■ **PROBLEM TO SOLVE**
The finished copy must match the records exactly, except that it contains no pictures.

■ **Stored records**
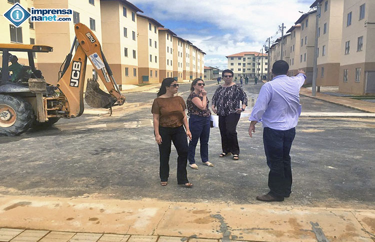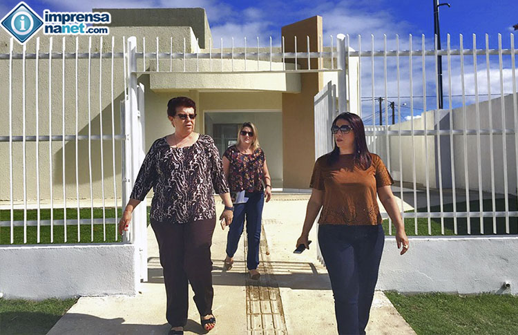 A prefeita Cláudia Oliveira participou da vistoria do empreendimento acompanhada da Secretária do Trabalho e Desenvolvimento Social, Ondina Oliveira, Suelen Lacerda (Coordenadora de Habitação Municipal) e dos engenheiros Kleber e Leandro da construtora responsável pela obra.
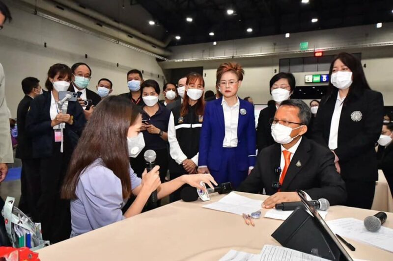 ในการจัดงานมหกรรมไกล่เกลี่ยหนี้สินครัวเรือนและหนี้ SMEs โดยมี นายวิษณุ เครืองาม รองนายกรัฐมนตรี เป็นประธานเปิดงาน พร้อมด้วย นายสมศักดิ์ เทพสุทิน รมว.ยุติธรรม นางพงษ์สวาท กายอรุณสุทธิ์ ปลัดกระทรวงยุติธรรม ว่าที่ร.ต.ธนกฤต จิตรอารีย์รัตน์ เลขานุการ รมว.ยุติธรรม น.ส.ณัฐธ์ภัสส์ ยงใจยุทธ ผู้ช่วย รมว.ยุติธรรม นายชื่นชอบ คงอุดม ผู้ช่วย รมว.คลัง นางทัศนีย์ เปาอินทร์ อธิบดีกรมบังคับคดี นายเรืองศักดิ์ สุวารี อธิบดีกรมคุ้มครองสิทธิและเสรีภาพ ผู้บริหาร ข้าราชการและเจ้าหน้าที่เข้าร่วมงาน โดยมีการตรวจคัดกรองโควิด-19 ก่อนเข้างานอย่างเข้มงวด
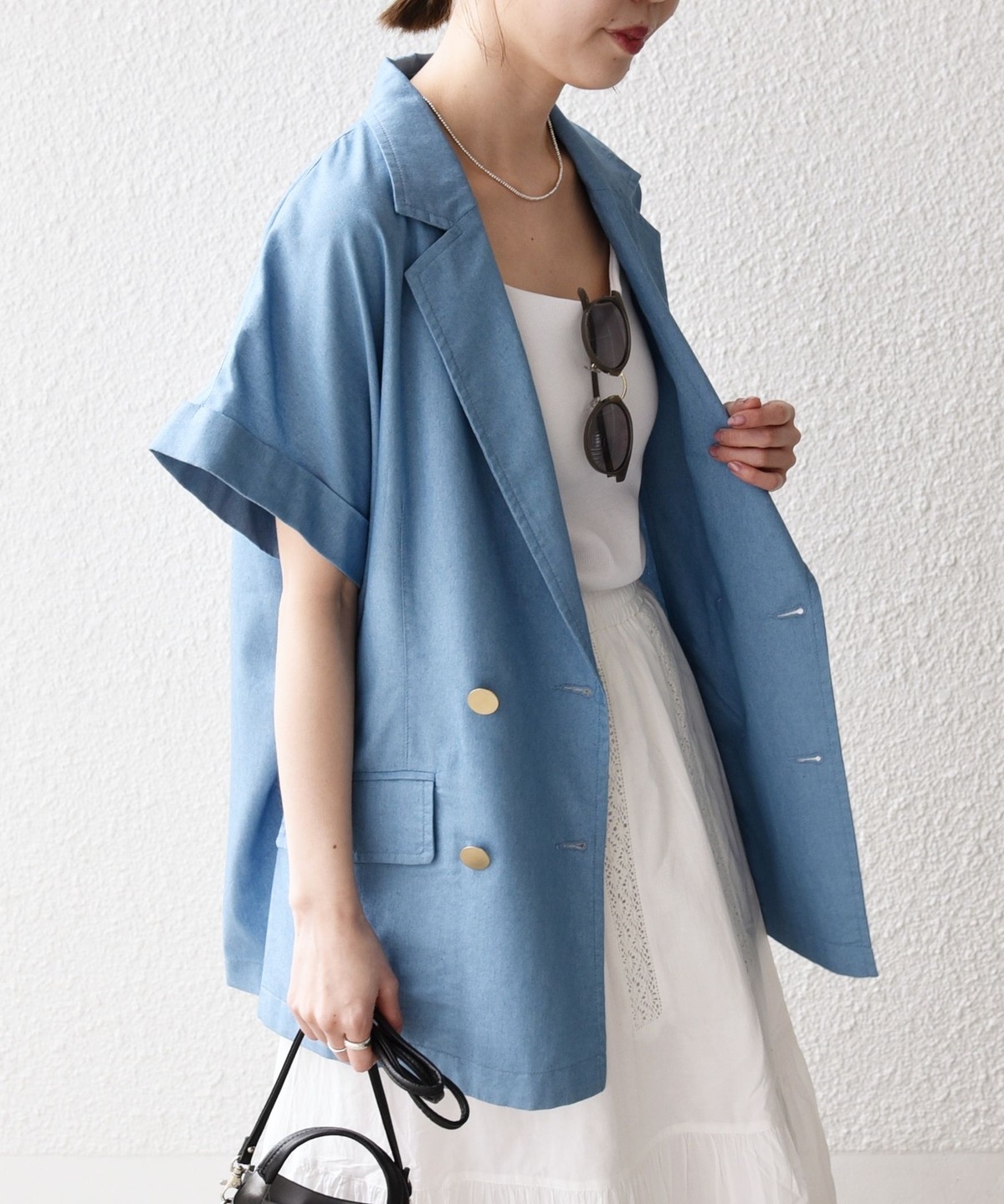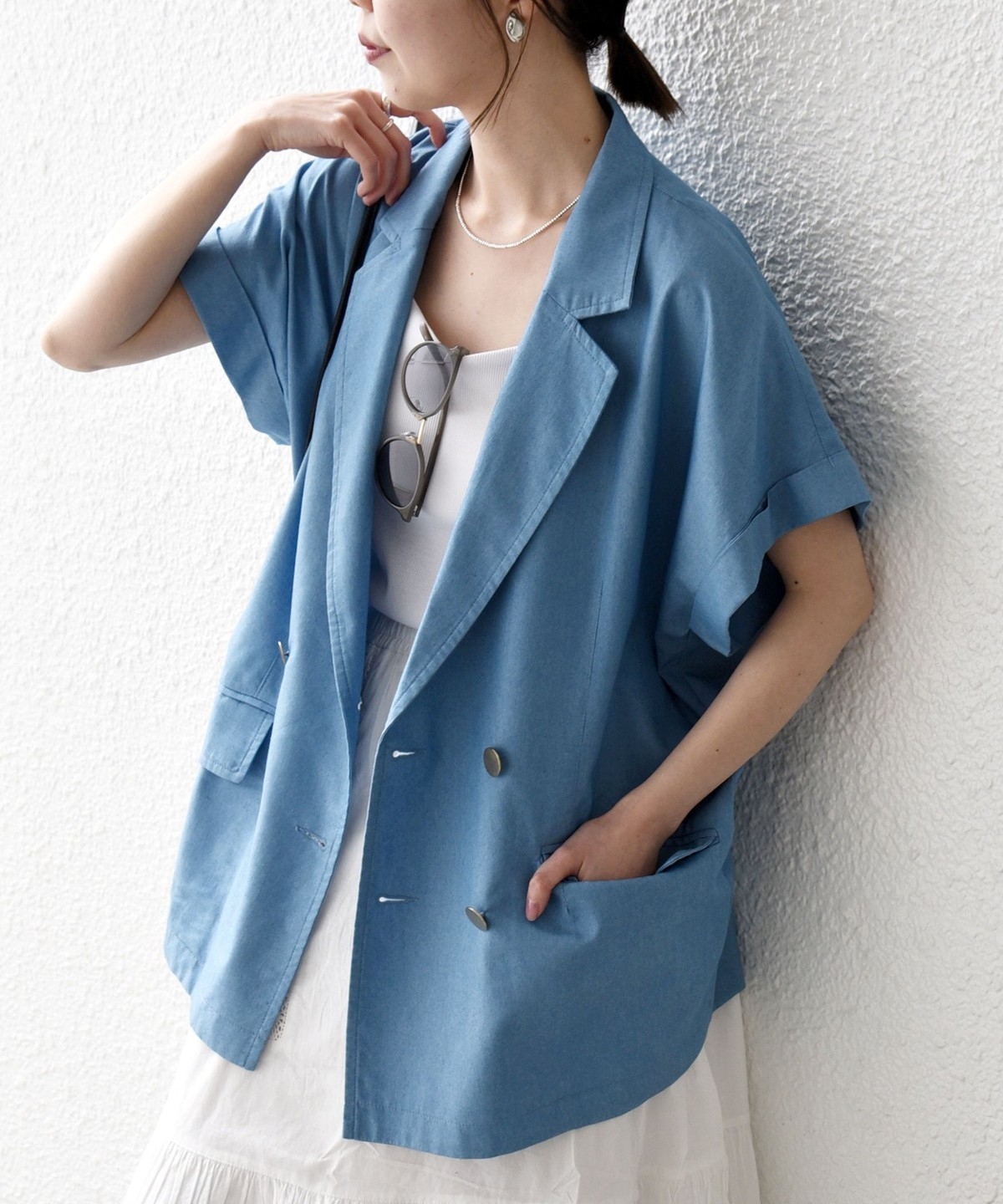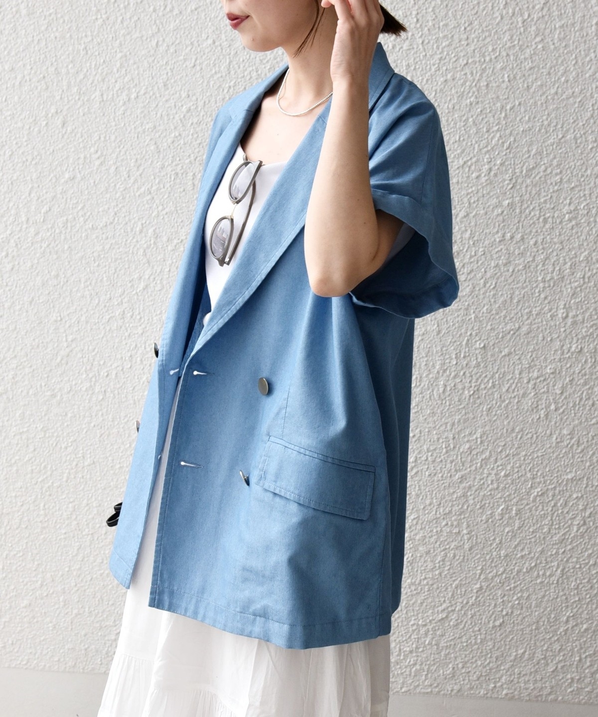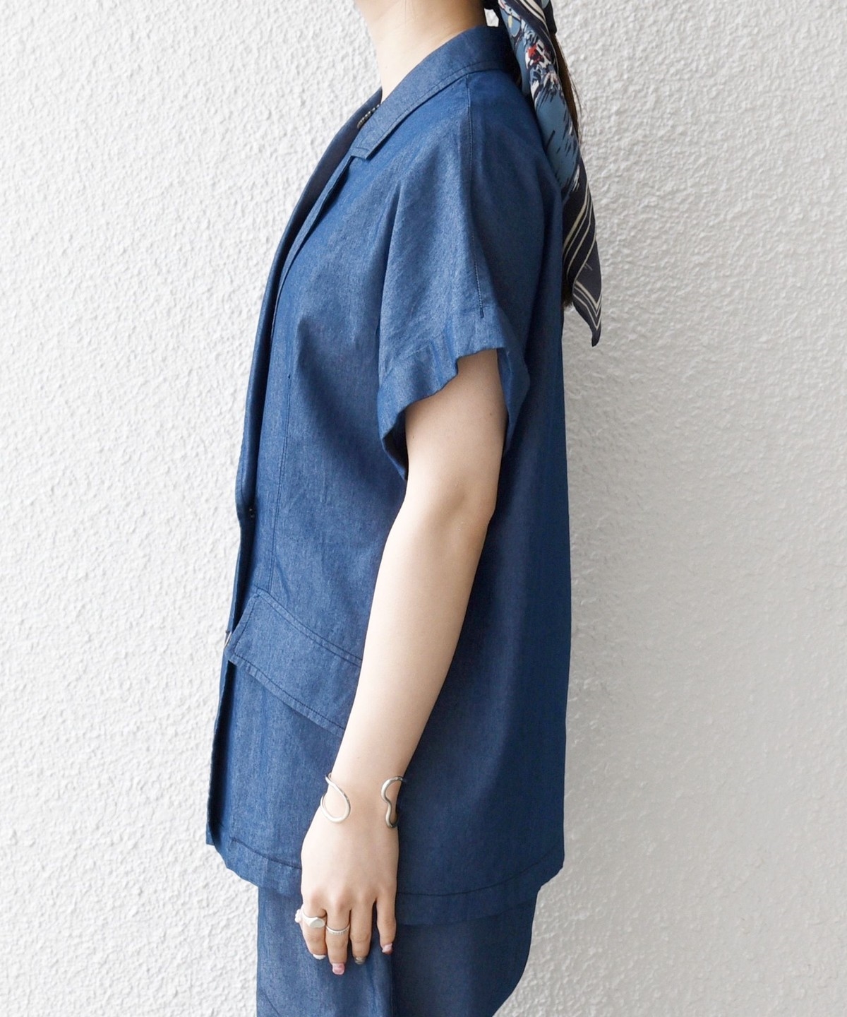 ヒップが隠れる着丈と、リラックス感のあるボックスシルエットでさっと羽織るだけでバランスよく決まります。
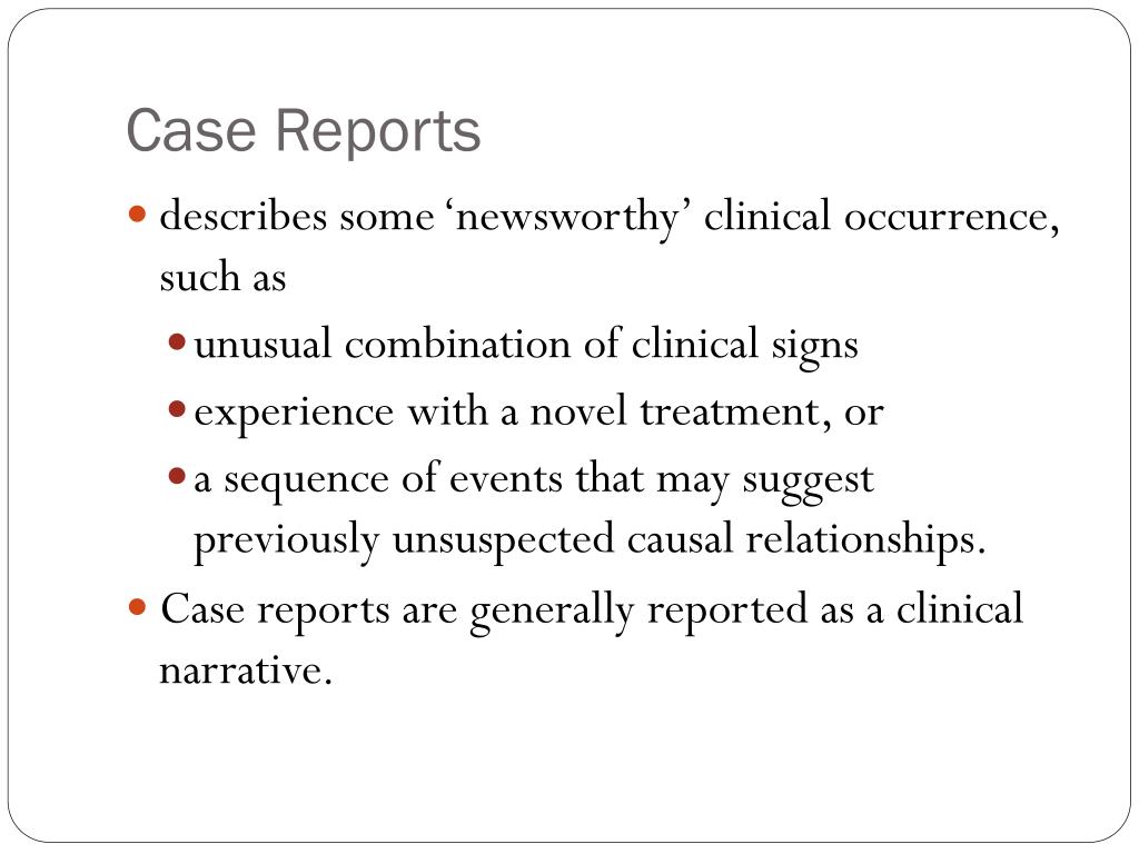 Case Reports • describes some ‘newsworthy’ clinical occurrence, such as • unusual combinationof clinical signs • experience with a novel treatment, or • a sequence of events thatmay suggest previously unsuspected causal relationships. • Case reports are generallyreported as a clinical narrative.
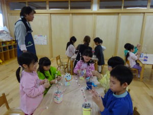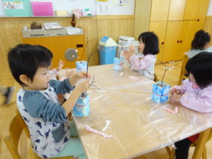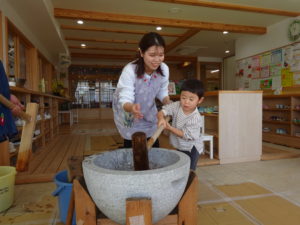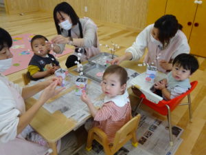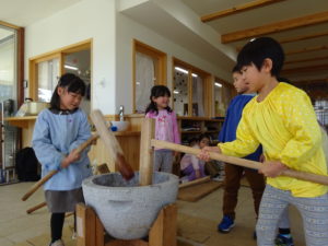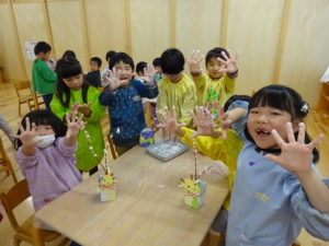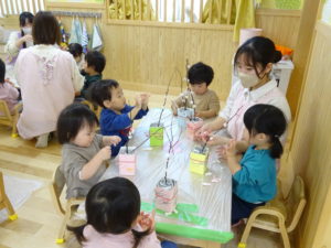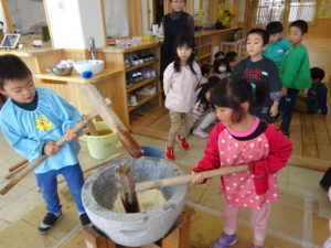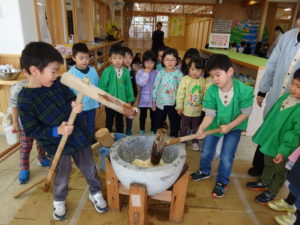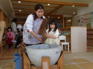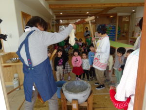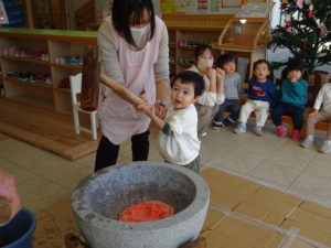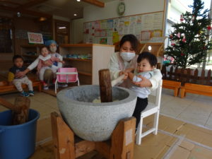 令和5年12月8日(金)保育園でお餅つきを行いました。もも組の小さいお友だちから順番に杵を持ち、ぺったんぺったんと頑張っていましたよ。食紅をいれて、花餅用にピンクのお餅も作りました。餅米からだんだんとお餅になっていく様子をみながら、「先生、お餅になってきた!」「よーし頑張るぞ~!!」と、楽しんでいましたよ。お餅つきが終わった後は、お部屋に戻り、花餅作りです。手にくっついて苦戦してる様子も見られましたが、完成するとどの子も満足そうに眺めていました。あったかいお湯にみんなで輪になって手をいれて、くっついたお餅をとるのもおしゃべりに花が咲き、楽しそうでしたよ。

■ **OUTPUT OF THE EXERCISE**
 A prefeita Cláudia Oliveira participou da vistoria do empreendimento acompanhada da Secretária do Trabalho e Desenvolvimento Social, Ondina Oliveira, Suelen Lacerda (Coordenadora de Habitação Municipal) e dos engenheiros Kleber e Leandro da construtora responsável pela obra.
 ในการจัดงานมหกรรมไกล่เกลี่ยหนี้สินครัวเรือนและหนี้ SMEs โดยมี นายวิษณุ เครืองาม รองนายกรัฐมนตรี เป็นประธานเปิดงาน พร้อมด้วย นายสมศักดิ์ เทพสุทิน รมว.ยุติธรรม นางพงษ์สวาท กายอรุณสุทธิ์ ปลัดกระทรวงยุติธรรม ว่าที่ร.ต.ธนกฤต จิตรอารีย์รัตน์ เลขานุการ รมว.ยุติธรรม น.ส.ณัฐธ์ภัสส์ ยงใจยุทธ ผู้ช่วย รมว.ยุติธรรม นายชื่นชอบ คงอุดม ผู้ช่วย รมว.คลัง นางทัศนีย์ เปาอินทร์ อธิบดีกรมบังคับคดี นายเรืองศักดิ์ สุวารี อธิบดีกรมคุ้มครองสิทธิและเสรีภาพ ผู้บริหาร ข้าราชการและเจ้าหน้าที่เข้าร่วมงาน โดยมีการตรวจคัดกรองโควิด-19 ก่อนเข้างานอย่างเข้มงวด
 ヒップが隠れる着丈と、リラックス感のあるボックスシルエットでさっと羽織るだけでバランスよく決まります。
 Case Reports • describes some ‘newsworthy’ clinical occurrence, such as • unusual combinationof clinical signs • experience with a novel treatment, or • a sequence of events thatmay suggest previously unsuspected causal relationships. • Case reports are generallyreported as a clinical narrative.
 令和5年12月8日(金)保育園でお餅つきを行いました。もも組の小さいお友だちから順番に杵を持ち、ぺったんぺったんと頑張っていましたよ。食紅をいれて、花餅用にピンクのお餅も作りました。餅米からだんだんとお餅になっていく様子をみながら、「先生、お餅になってきた!」「よーし頑張るぞ~!!」と、楽しんでいましたよ。お餅つきが終わった後は、お部屋に戻り、花餅作りです。手にくっついて苦戦してる様子も見られましたが、完成するとどの子も満足そうに眺めていました。あったかいお湯にみんなで輪になって手をいれて、くっついたお餅をとるのもおしゃべりに花が咲き、楽しそうでしたよ。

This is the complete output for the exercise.